Mee too, my about 3m x 5m four seats theater project feels so small after visitin his place.


----------



## Mark Techer

Ile said:


> Mee too, my about 3m x 5m four seats theater project feels so small after visitin his place.


Ahh another cosy room, just like mine


----------



## Jasonpctech

Yea, I guess In my head the challenge was to build one that you don't leave behind if you move.:scratch:


----------



## chrapladm

"A shed into a cinema," that sounds familiar. I have been ever so slowly planning my HT in a newly built shed.

My HT room will start of being 5m x 4.5m x 2.8m. But I do have to make sure there is enough room for 6 people to watch movies. Might just have a small row of cinema chairs in the second row but have to be able to play Wii in the front row.

Nice build Mark. It is even more nice to see such a small HT room because all of the other larger HT rooms I have scene just remind me of how far away I am from completing mine.:T:bigsmile:


----------



## Mark Techer

Jasonpctech said:


> Yea, I guess In my head the challenge was to build one that you don't leave behind if you move.:scratch:


Should be ever sell, my room can be dismantled and moved out, then re-set up in another room. I designed it that way after a rather severe learning curve in 1996 when during the sale of my first house, the buyer insisted that I change the lounge room back. It caused me a massive upset and in the end the buyer paid contractors to do the retro-fit because I would not. Lessen learned was that not all people appreciate a HT. So why this "room in room" was done the way it was.



chrapladm said:


> "A shed into a cinema," that sounds familiar. I have been ever so slowly planning my HT in a newly built shed.
> 
> My HT room will start of being 5m x 4.5m x 2.8m. But I do have to make sure there is enough room for 6 people to watch movies. Might just have a small row of cinema chairs in the second row but have to be able to play Wii in the front row.
> 
> Nice build Mark. It is even more nice to see such a small HT room because all of the other larger HT rooms I have scene just remind me of how far away I am from completing mine.:T:bigsmile:


Thank you for the positive feedback. A part of the room's design was size where I wanted to max out the screen I already had to have that wall to wall look. Although small, when seated, the room feels much larger.


----------



## chrapladm

Just wondered abut the shed walls. Is there some sort of foam to spray on the walls before adding interior gyprock walls?

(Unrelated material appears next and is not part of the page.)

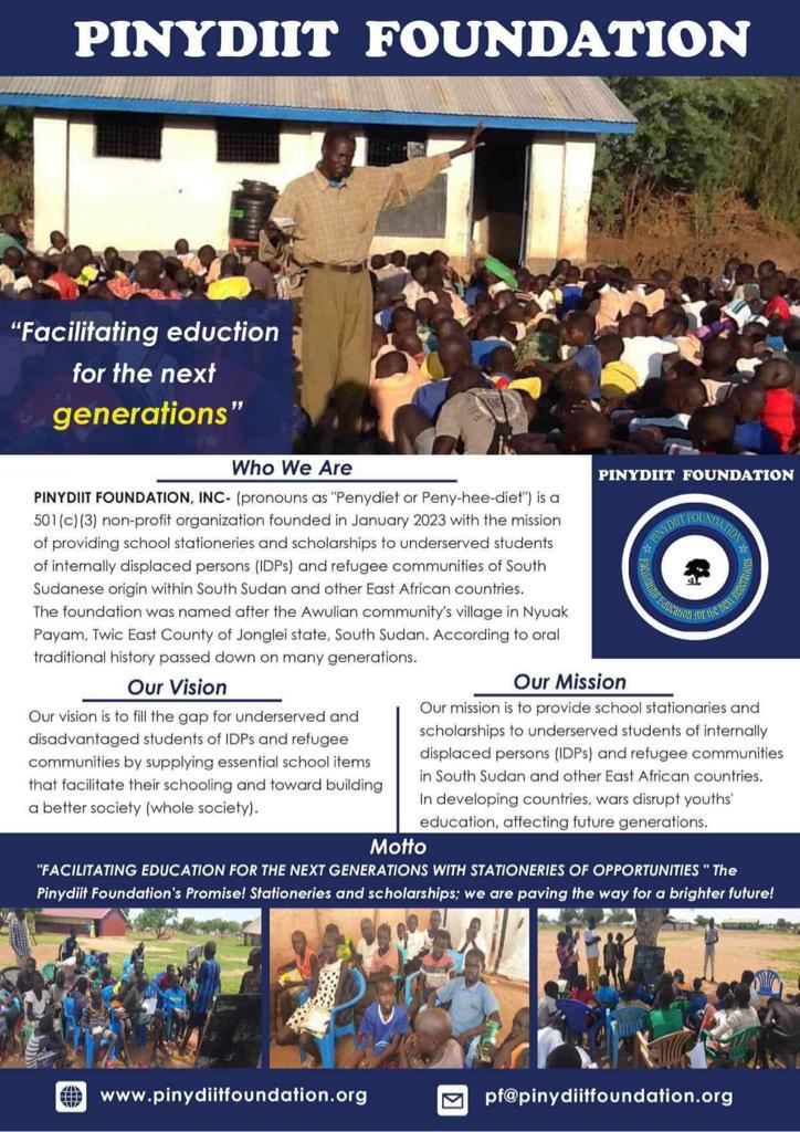 Pinydiit Foundation's headquarter is in Omaha City, Nebraska, United States of America. PF: is run by volunteers across the globe, including North America, Australia, and Africa.

I was thinking that if I use everything I can to isolate the low frequency some might still get through and that would vibrate horribly on the metal shed.

And where can you find info on your lens Mark?


----------



## Mark Techer

chrapladm said:


> Just wondered abut the shed walls. Is there some sort of foam to spray on the walls before adding interior gyprock walls?
> 
> I was thinking that if I use everything I can to isolate the low frequency some might still get through and that would vibrate horribly on the metal shed.


There is a 2 part rapid expanding foam that you could use. You mix parts A and B and within seconds, it expands to some 10x the original volume. 



> And where can you find info on your lens Mark?


MK5 Lens


----------



## Mark Techer

UPDATE:

I added a Projector Station [top image] to my room. This has made set up and alignment much quicker and easier.

The Projector Station is 2 plated (laser cut from 6mm aluminum) that allow threaded adjustment for height, tilt, pitch. The base plate also allows yaw. The top plate is beginning to look like Swiss cheese because it is compatible with over 20 different HD projectors. Mine [bottom image] does use the slide as I don't move the A-Lens out of the light path.


----------



## Jasonpctech

As always Mark your projects never cease to amaze me. Once I grow up and get a big boys sized HT room I will go projection and hope to incorporate some of your kit.


----------



## Jasonpctech

And, BING! 200 posts.:yay2:


----------



## Mark Techer

Jasonpctech said:


> As always Mark your projects never cease to amaze me. Once I grow up and get a big boys sized HT room I will go projection and hope to incorporate some of your kit.


Thanks  I've come along way from the DIY approach of a few years back. All these products have involved professional industrial design and then I have had to make decisions about the final design to ensure I keep within a set budget.

A for the room size, I'd say my room is testament that the room itself need not be "big".


----------



## patchesj

Curious if you've taken any REW measurements? I'd be interested in seeing your decay graphs and what the low end roll off looks like. I would guess your low end has a ton of room gain.


----------



## Mark Techer

No not yet. If you place your head in a corner, yes, it physically moves you. At any of the four main listening places, no it is not offensive at all. Measured results will be interesting. Though I am not that concerned because to me (and many others that have heard it), the room and the sound system sounds good. I've had a variety of different people come in and listen and none have complained. Many have praised the system/room. When it comes to my room (or any of the things I build) I take criticism as constructive, not a negative, so would make a change if someone could identify a serious problem. And I don't think they are all just being polite. 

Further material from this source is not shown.